Some parents therefore moved their children to these centers.

So far, more than six in 10 pre-school children are enrolled in government-supported pre-schools, up from just half in 2019, according to the Early Childhood Development Agency (ECDA). This is set to rise to eight in 10 by 2025.

Rent increase

Rent has risen by almost 20 per cent at Blue Lion Preschool since it opened in Siglap four years ago. Principal Charmaine Teo said further increases could force the pre-school, which has 21 children, to leave its current building.

The preschool, which opened in 2020 during the pandemic, had just six children at the time. It took more than a year for enrollment to grow to 10, and another two years to reach 21 in 2023.

Fees were raised in January to keep up with rising costs, and the fee for full-day childcare is now $1,580 a month.

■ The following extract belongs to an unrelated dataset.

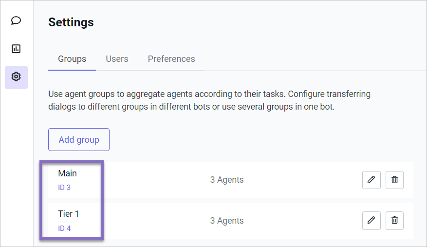 After signing in, you can invite agents and add them to groups. Then configure Aimychat preferences, for example: specify the limits on active chats for one agent and the response time. You can also make chats assigned to agents automatically.

While it is becoming increasingly commercially unviable to run small pre-schools, Ms Teo said they are still important as they offer families the option of a “home away from home”.

In response to questions about the challenges facing independent pre-schools, an ECDA spokesperson said: “Independent operators wishing to set up pre-schools will need to rent space and negotiate rent rates directly with landlords, just like any other business.

“Operators may also participate in tenders for government facilities which are announced from time to time through public tender.”

The spokesman added that ECDA is working with the Housing Board to set up new kindergartens in almost all HDB Build-To-Order estates where there are more families with young children.

Most of these preschools are then allocated to major operators who provide affordable and high-quality preschool services to families.